The DMLE methodology is based on the observed linkage disequilibrium between a disease mutation and linked markers in DNA samples of unrelated normal individuals and affected patients. The program uses the Markov chain Monte Carlo algorithm to allow Bayesian estimation of the mutation age, based on the following parameters: haplotypes identified between chromosomes of mutation carriers and controls from the same geographical region (city of Porto Alegre), a distance map between the STR markers used, the expected proportion of chromosomes carrying the mutation, and the average growth rate of the population studied [30]. To estimate the growth rate of the population of Rio Grande do Sul, the Brazilian State from which all of the patients derive, we employed data on its population size between the years 1700 and 2010, as shown in an official publication of the Brazilian Government (Instituto Brasileiro de Geografia e Estatística—IBGE; http://www.ibge.gov.br/home/). The population growth rate (r) was estimated by the equation T1 = T0·e(gr)[31], in which T1 is the estimated size of the population today (10.7 million of individuals), T0 is the estimated size of the ancestral population (120 thousand individuals), and g is the number of generations between these two time points (12.4, assuming 25 years/generation). Accordingly, the population growth rate was estimated to be approximately equal to 0.242. Considering that FD is a rare disease (estimated frequency of 1:40,000–1:60,000 male individuals of the general population) and that the GLA 30delG mutation is present in four of 11 families studied in our center, we assumed a proportion of the investigated known chromosomes between 0.3 and 0.4.

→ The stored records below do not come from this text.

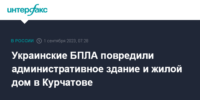 "Утром Курчатов атаковали два украинских беспилотника. Повреждены административное здание и жилой дом. На место выехали специалисты, они оценивают размеры ущерба", - написал глава региона в своем телеграм-канале в пятницу.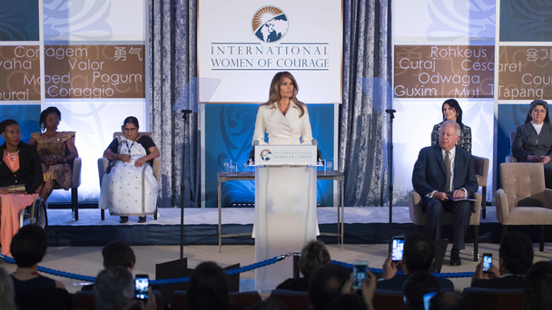 當地時間3月29日,美國第一夫人梅拉尼婭·特朗普在首都華盛頓出席2017年“國際婦女勇氣獎”的頒獎典禮。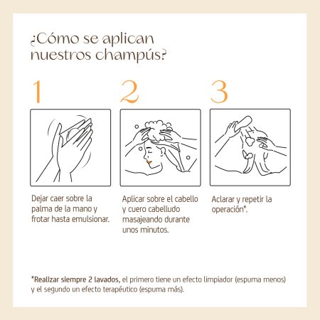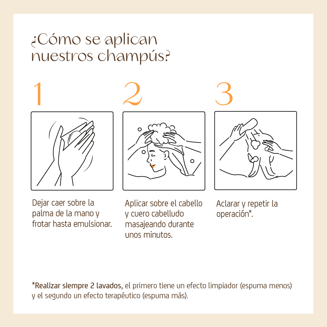 HACIÉNDOLO DE ESTA MANERA: Se preparan los activos en la palma de la mano. Se distribuye de manera uniforme los ingredientes activos por el cabello y cuero cabelludo. Se genera más espuma, facilitando el masaje capilar.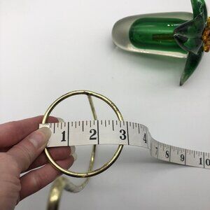3-piece set, this art glass hanging bud vase includes 9 ½” long gold plated hanger, 5 ½” green vein main vase and 3” yellow glass stem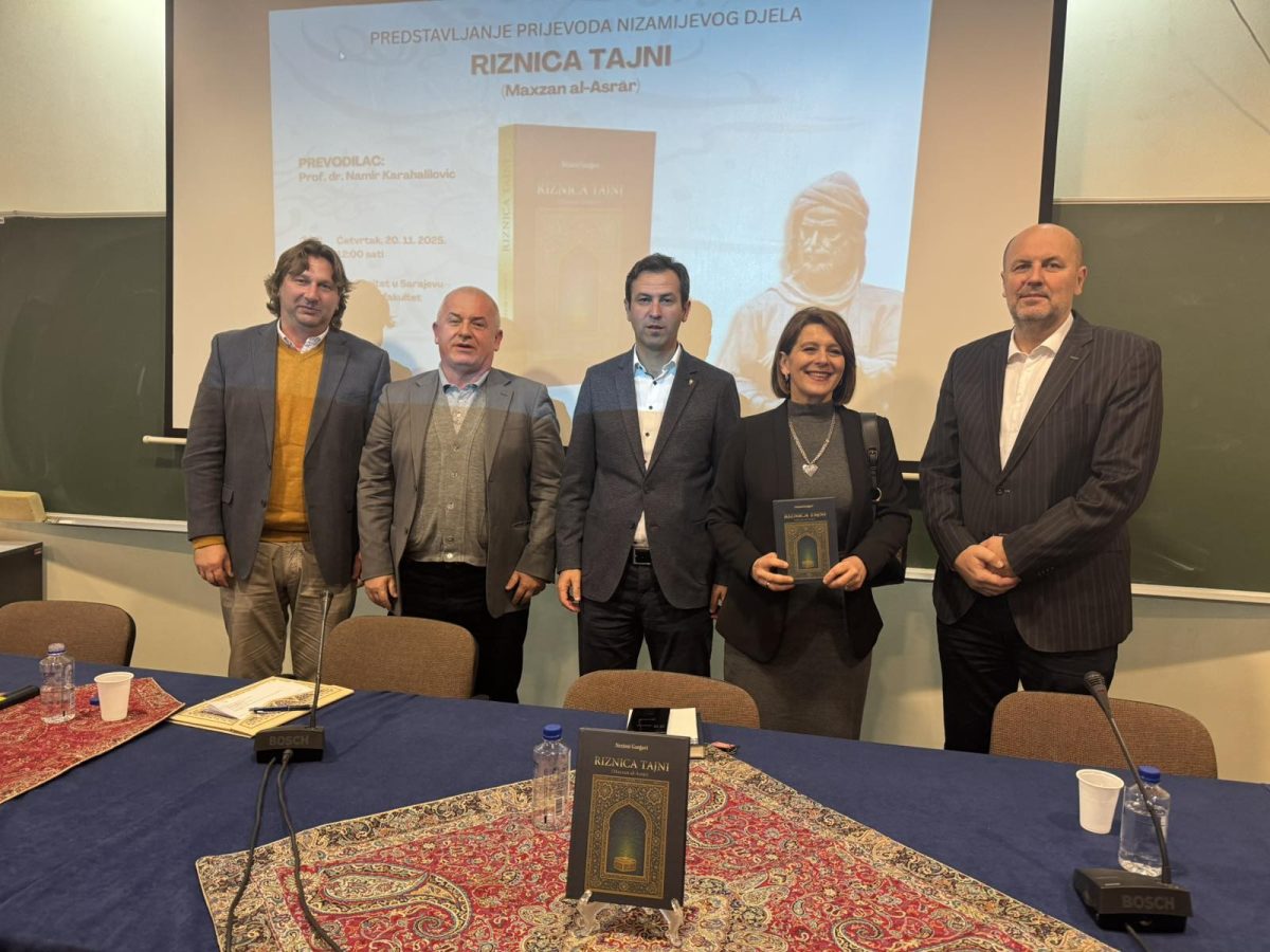 U četvrtak 20. 11. 2025. godine na Filozofskom fakultetu Univerziteta u Sarajevu održana je svečana promocija prijevoda na bosanski jezik djela Riznica tajni (Makhzan al-Asrār) velikog perzijskog pjesnika Hakima Nizamija Gandževija. Ovo znamenito djelo klasične perzijske književnosti preveo je i priredio prof. dr. Namir Karahalilović na osnovu najnovijeg i do sada najuspjelijeg kritičkog izdanja izvornika na perzijskom jeziku.

2.7. Origin of the mutation
Phylogenetic networks were developed to investigate genetic relationships among haplotypes carrying the GLA 30delG mutation and within specific haplotypes using Network 4.6.0.0 software (http://www.fluxus-engineering.com/sharenet.htm), applying the reduced median [32] and the median-joining [33] methods sequentially to resolve extensive reticulation. Differential microsatellite weighting was applied to obtain the most parsimonious network. This was performed in accordance with Qamar et al. [34], and the weights for each microsatellite were inversely proportional to their variance.
3. Results
3.1. Multiplex PCR design and optimization
After the multiplex development and optimization, the six markers were successfully amplified in a single PCR reaction, following the final optimum conditions reported in Table 1 and as shown in Fig. 3.
Fig. 3.
Electropherogram of the six X-STR plex amplified in sample of individual male.
3.2. Founder effect
Genotyping of four X-STRs (rs72457140, rs112254359, rs72240121, and rs144273731) distributed along 2.7 Mbp around GLA of the six investigated revealed that all nine 30delG mutation carriers had the same haplotype (10-13-15-26). The same X-STRs were employed to genotype a sample of 150 healthy controls from Porto Alegre, and none of them had the same haplotype shared by the FD patients carrying the GLA 30delG mutation.
3.3. Molecular dating
To allow molecular dating of the GLA 30delG mutation, analyses were expanded to include two remaining X-STR markers (rs193272630 and rs72101069), resulting in the identification of four different haplotypes among the nine mutation carriers (Table 2). Among these haplotypes, one (21-10-13-15-26-9) was present in four individuals from three of the four families studied. This haplotype, due to its frequency in the mutation-positive families, was considered the most likely ancestral haplotype associated with the GLA 30delG mutation Table 3.
Table 2.
Haplotype analysis of nine Fabry disease hemizygotes with the GLA 30delG mutation: physical distance of the X-STRs, recombination rate and allelic frequencies.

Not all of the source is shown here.